Au fur et à mesure du perfectionnement des avions et de l'augmentation des normes de sécurité, les postes de pilotage ont été équipés de plus en plus d'alarmes différentes, qui informent immédiatement l'équipage d'une anomalie dans le fonctionnement ou le vol de l'avion.
Cependant, si les systèmes d'un avion peuvent connaître des problèmes, il en est de même pour les instruments de mesure et bien sûr... les alarmes ! Si les problèmes d'alarmes sont rares, leur dysfonctionnement influe directement sur les conditions de travail de l'équipage et peut fortement contribuer à leur faire perdre le contrôle de la situation.
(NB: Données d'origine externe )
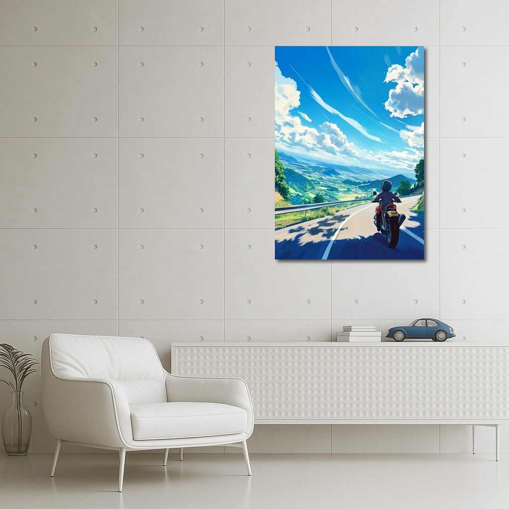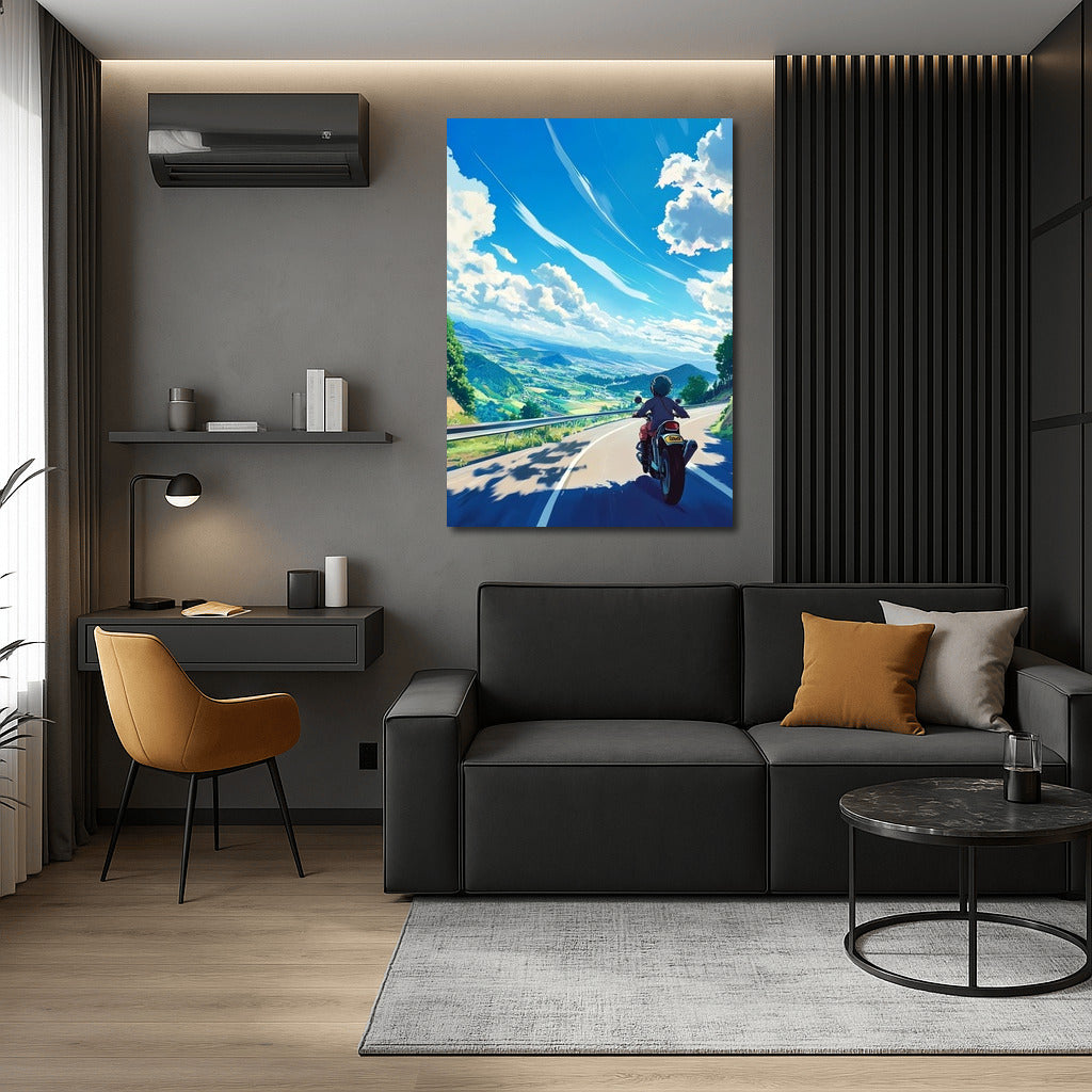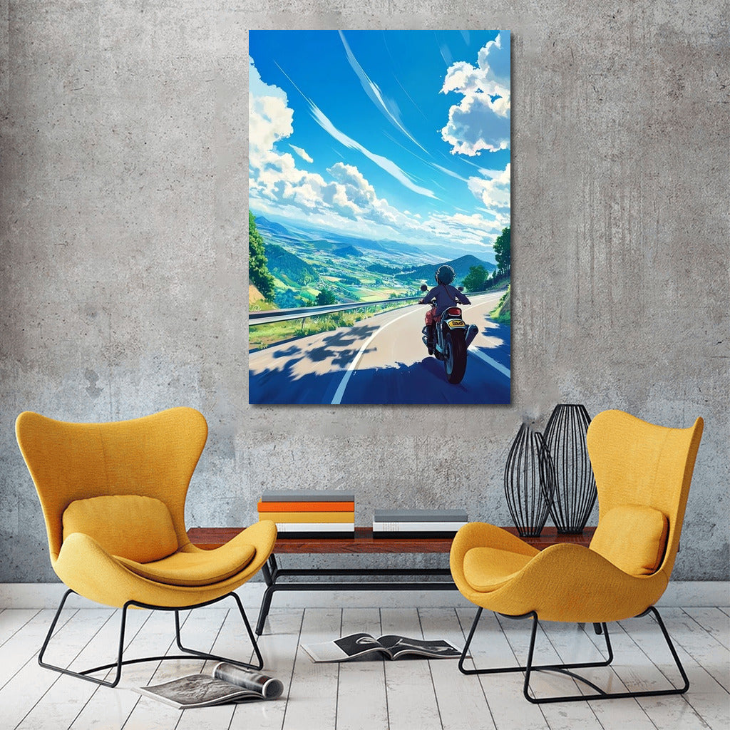 Dynamic poster: a motorcycle rushes along a paintingsque road, opening up exciting horizons. Wall art about freedom and speed. See more from the collection: Anime & Manga genres Art

L'équipage cherche alors à corriger un problème qui n'existe pas, et l'alarme peut être parfois très intrusive et persistante. Le pire survient lorsque la panne d'un équipement (une ou plusieurs sondes de Pitot par exemple) entraîne l'apparition de plusieurs alarmes contradictoires, ce qui déconcerte les pilotes et peut même les pousser à faire des actions menant à la perte de l'avion. Dans certains cas, c'est le pilote automatique qui peut être perturbé par une mesure erronée et prendre de mauvaises décisions.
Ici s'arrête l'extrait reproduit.